▸ Records for the task:
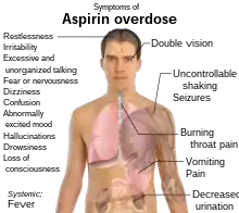 El envenenamiento por salicilato, también conocido como envenenamiento por aspirina, es el envenenamiento agudo o crónico por un salicilato, como la aspirina.[1] Los síntomas clásicos son zumbidos en los oídos, náuseas, dolor abdominal y una rápida respiración.[1] Al principio, estos pueden ser sutiles, mientras que las dosis más grandes pueden causar fiebre.[1][4] Las complicaciones pueden incluir edema cerebral o de los pulmones, convulsiones, niveles bajos de azúcar en la sangre o paro cardíaco.[1]
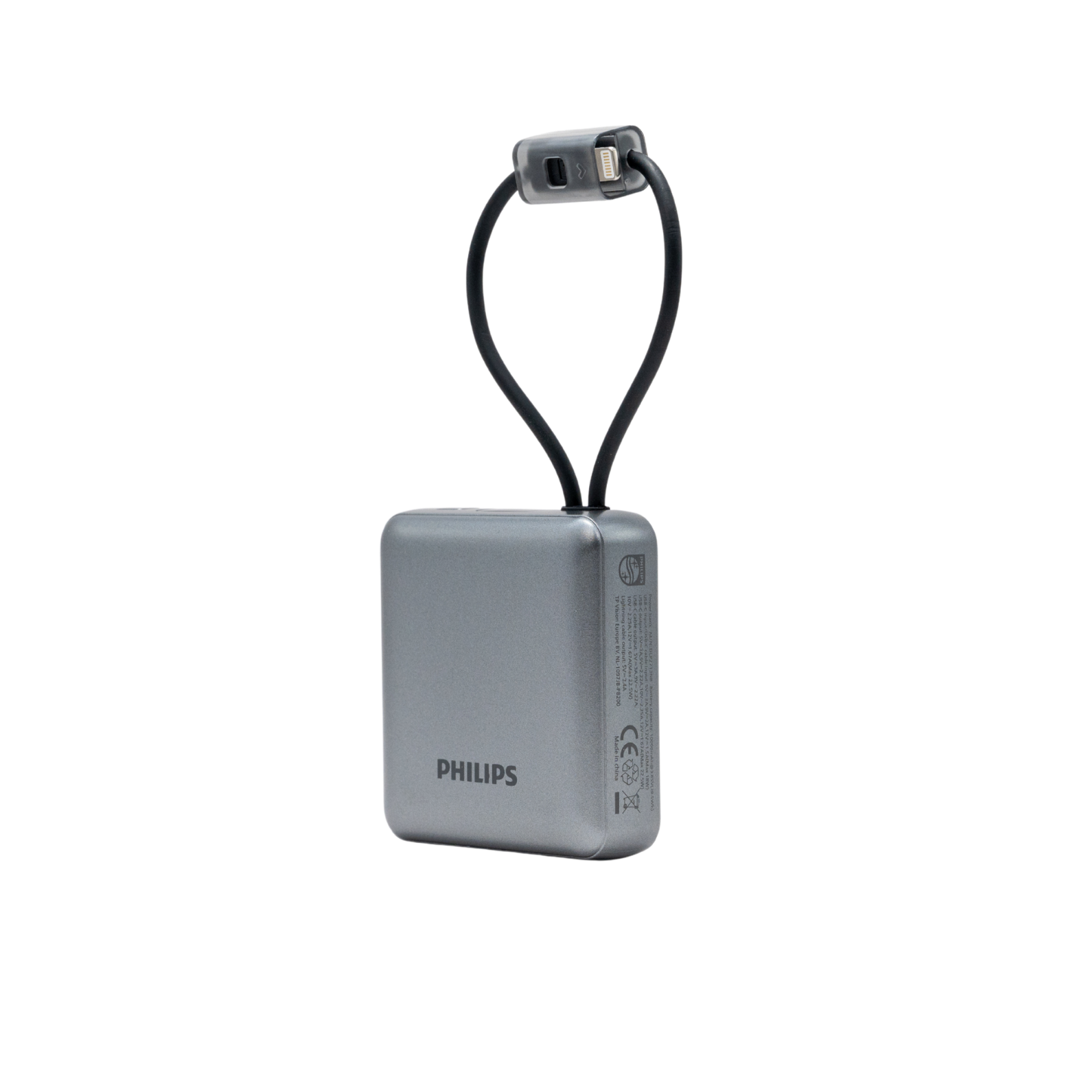 Pin Sạc Dự Phòng Nhỏ Gọn 10.000mAh Philips DLP2713NW Black Grey (Kèm cáp Type-C và Lightning)
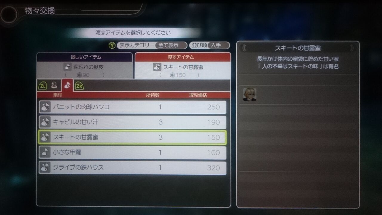 続いて選択したアイテムより価値の高い物を、自分の手持ちアイテムの中から選択する(ZRやZLボタンで渡すアイテムのカテゴリを変更できる)。
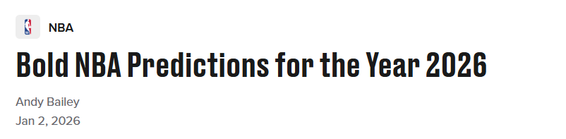 北京时间1月2日,知名美媒Bleacher Report对2026年进行展望,公布了10项大胆预测,以下是具体内容——
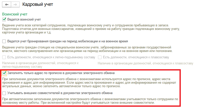 Для автоматического заполнения в документах и отчетах воинского учета только адреса по прописке без адреса места пребывания и фактического адреса в настройках кадрового учета (раздел Настройка – Кадровый учет – Воинский учет) добавлена возможность установки нового флага Заполнять только адрес по прописке в документах электронного обмена (рис. 2).
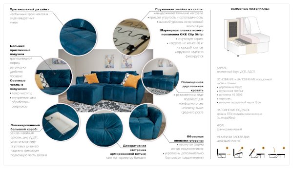 Мягкий диван повышенной комфортности, на котором приятно проводить время. Классический дизайн, округлые мягкие формы, утопающая посадка - все это делает его незаменимым для отдыха. Украшением дивана является декоративная прострочка и стяжки на спинке, подлокотниках и посадочном месте, которая благодаря своим свойствам повышает прочность и износоустойчивость обивки. Две большие подушки регулируют удобство посадки, после сидения моментально восстанавливают первоначальную форму. Механизм трансформации тик-так и мягкие элементы превращают диван в полноценную кровать. Большой бельевой короб для хранения вещей – приятное дополнение к дивану. Универсальный угол - переставляется на левую или правую сторону основной секции, удобно при частых перестановках.
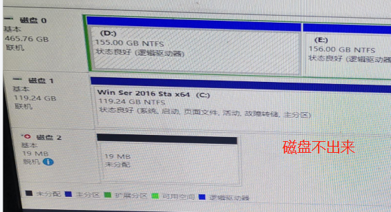 原来有一台服务器安装的是windows2003,可以正常挂载iscsi磁盘,现在另外一台安装了windows2016,iscci发起程序连接存储服务器已连接,但是挂载不了磁盘,磁盘管理里面磁盘不出来,求指导!

▸ Work required:
Repeat the data word for word, minus any pictures.

▸ Output of the task:
 El envenenamiento por salicilato, también conocido como envenenamiento por aspirina, es el envenenamiento agudo o crónico por un salicilato, como la aspirina.[1] Los síntomas clásicos son zumbidos en los oídos, náuseas, dolor abdominal y una rápida respiración.[1] Al principio, estos pueden ser sutiles, mientras que las dosis más grandes pueden causar fiebre.[1][4] Las complicaciones pueden incluir edema cerebral o de los pulmones, convulsiones, niveles bajos de azúcar en la sangre o paro cardíaco.[1]
 Pin Sạc Dự Phòng Nhỏ Gọn 10.000mAh Philips DLP2713NW Black Grey (Kèm cáp Type-C và Lightning)
 続いて選択したアイテムより価値の高い物を、自分の手持ちアイテムの中から選択する(ZRやZLボタンで渡すアイテムのカテゴリを変更できる)。
 北京时间1月2日,知名美媒Bleacher Report对2026年进行展望,公布了10项大胆预测,以下是具体内容——
 Для автоматического заполнения в документах и отчетах воинского учета только адреса по прописке без адреса места пребывания и фактического адреса в настройках кадрового учета (раздел Настройка – Кадровый учет – Воинский учет) добавлена возможность установки нового флага Заполнять только адрес по прописке в документах электронного обмена (рис. 2).
 Мягкий диван повышенной комфортности, на котором приятно проводить время. Классический дизайн, округлые мягкие формы, утопающая посадка - все это делает его незаменимым для отдыха. Украшением дивана является декоративная прострочка и стяжки на спинке, подлокотниках и посадочном месте, которая благодаря своим свойствам повышает прочность и износоустойчивость обивки. Две большие подушки регулируют удобство посадки, после сидения моментально восстанавливают первоначальную форму. Механизм трансформации тик-так и мягкие элементы превращают диван в полноценную кровать. Большой бельевой короб для хранения вещей – приятное дополнение к дивану. Универсальный угол - переставляется на левую или правую сторону основной секции, удобно при частых перестановках.
 原来有一台服务器安装的是windows2003,可以正常挂载iscsi磁盘,现在另外一台安装了windows2016,iscci发起程序连接存储服务器已连接,但是挂载不了磁盘,磁盘管理里面磁盘不出来,求指导!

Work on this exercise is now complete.